Kolmogorov complexity sharpens this analogy. the causal description consists of three independent components: $P(X)$, mechanism $f$, and $P(\varepsilon)$. because these three components are generated independently by nature, they compress independently, and the total description length is the sum of three separate short programs. the anticausal description must encode $P(Y)$ and then $P(X \mid Y)$, where $P(X \mid Y)$ requires knowing both the forward mechanism and the noise distribution jointly in order to describe how to invert the noisy nonlinear function. that joint encoding is longer because the two components are entangled: you can’t describe the reverse mechanism without referencing the noise structure it’s trying to undo. shorter programs are simpler computations. simpler computations converge faster. the forward direction is computationally simpler in a precise information-theoretic sense, and that simplicity manifests directly as faster neural network training.

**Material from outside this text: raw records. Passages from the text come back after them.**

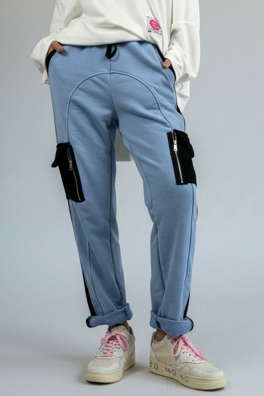 Hose mit Kontrastdetails & Reißverschlusstaschen-Hellblau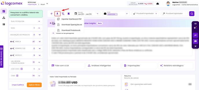 Importante: a extração de relatório em excel está disponível conforme o plano contratado. Caso não possua essa funcionalidade incluída no seu plano, entre em contato com o seu Gerente de Contas pelo e-mail guardioes@logcomex.com para saber mais como contratá-la.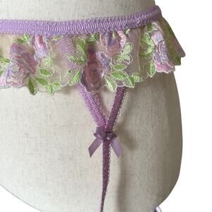 Romantic and feminine, this For Love & Lemons garter belt features delicate embroidered pink floral lace with soft lilac trim and green leaf detailing. Adjustable straps and satin bow accents add a flirty finish. Perfect for bridal, lingerie sets, or a special occasion.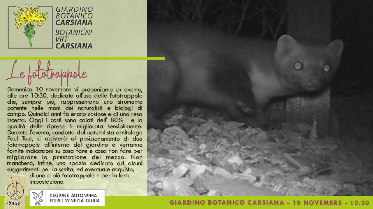 Per l'occasione sarà organizzato un evento, alle ore 10:30, dedicato all'uso delle fototrappole che, sempre più, rappresentano uno strumento potente nelle mani dei naturalisti e biologi di campo. Durante l'evento, condotto dal naturalista ornitologo Paul Tout, si assisterà al posizionamento di due fototrappole all’interno del giardino e verranno fornite indicazioni su cosa fare e cosa non fare per migliorare la prestazione del mezzo. Non mancherá, infine, uno spazio dedicato ad alcuni suggerimenti per la scelta, ed eventuale acquisto, di una o più fototrappole e per la loro impostazione.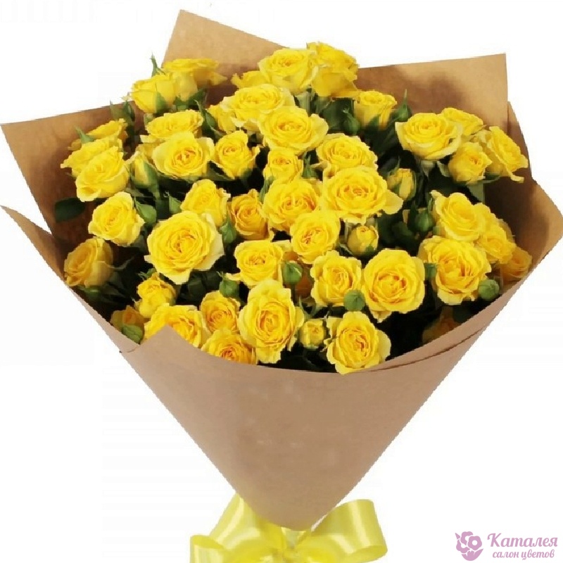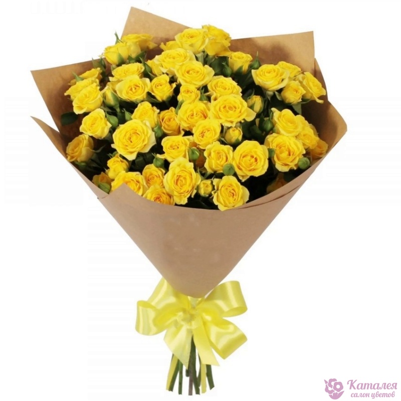 Букет состоит из 11 желтых кустовых роз, крафт, атласная лента.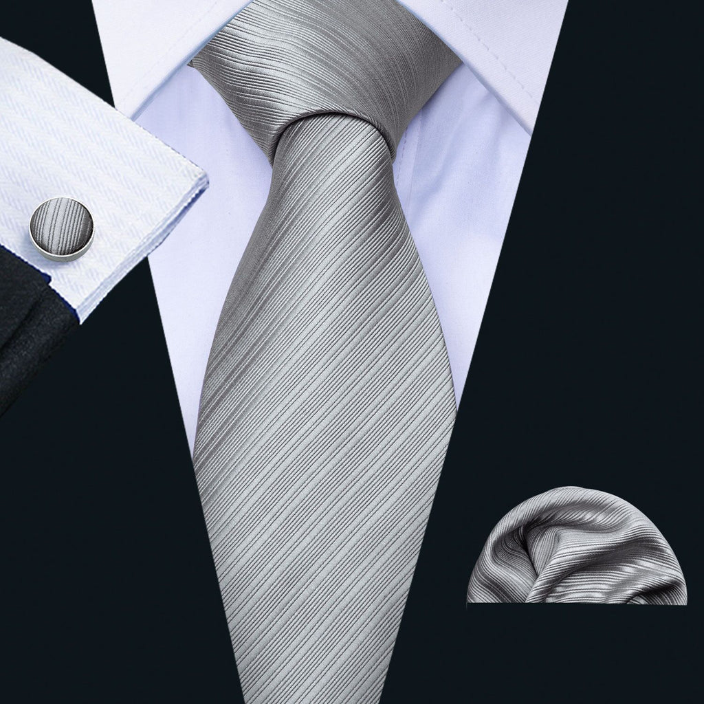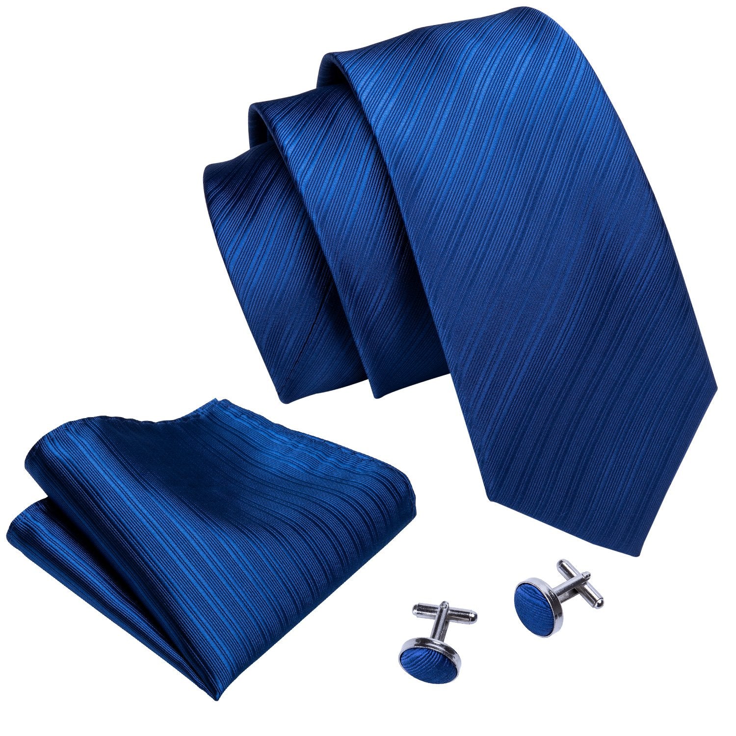 Barry. Wang Blue Striped Silk Men's Wedding Necktie Hanky Cufflinks Set

no formal proof connecting neural network optimization landscapes to thermodynamic irreversibility currently exists. the analogy is structurally suggestive and may point toward a deeper principle: wherever a generative process has the form “mechanism applied to cause, then independent noise added,” the forward direction is computationally privileged, and that privilege should show up in any learning algorithm that is sensitive to the structure of the optimization landscape.

Comparison

system	rung 2 capable	PAC bound	sample efficiency	OOD robust	causal direction	scope
GPT-4 / DeepSeek R1	no	no	no	no	no	observational corpus
Bareinboim CRL	yes	no	no	yes	no (takes graph as input)	interventional
ANM / RESIT	partial	no	partial	partial	yes	bivariate
SkewScore (Lin 2025)	no	no	partial	partial	yes (heteroscedastic)	bivariate
CCA / CCL+	yes†	yes†	yes†‡	yes†	yes	injective ANM

the † markers mean theoretical only: the PAC bound, sample efficiency, OOD robustness, and rung-2 capability of CCL+ are all proved but not yet validated empirically beyond the Tubingen benchmark. the ‡ marker means the sample efficiency advantage applies specifically against non-parametric learners that model the full joint distribution without causal factorization. parametric learners that already factorize over edges do not face the exponential sample requirement that CCL+ avoids.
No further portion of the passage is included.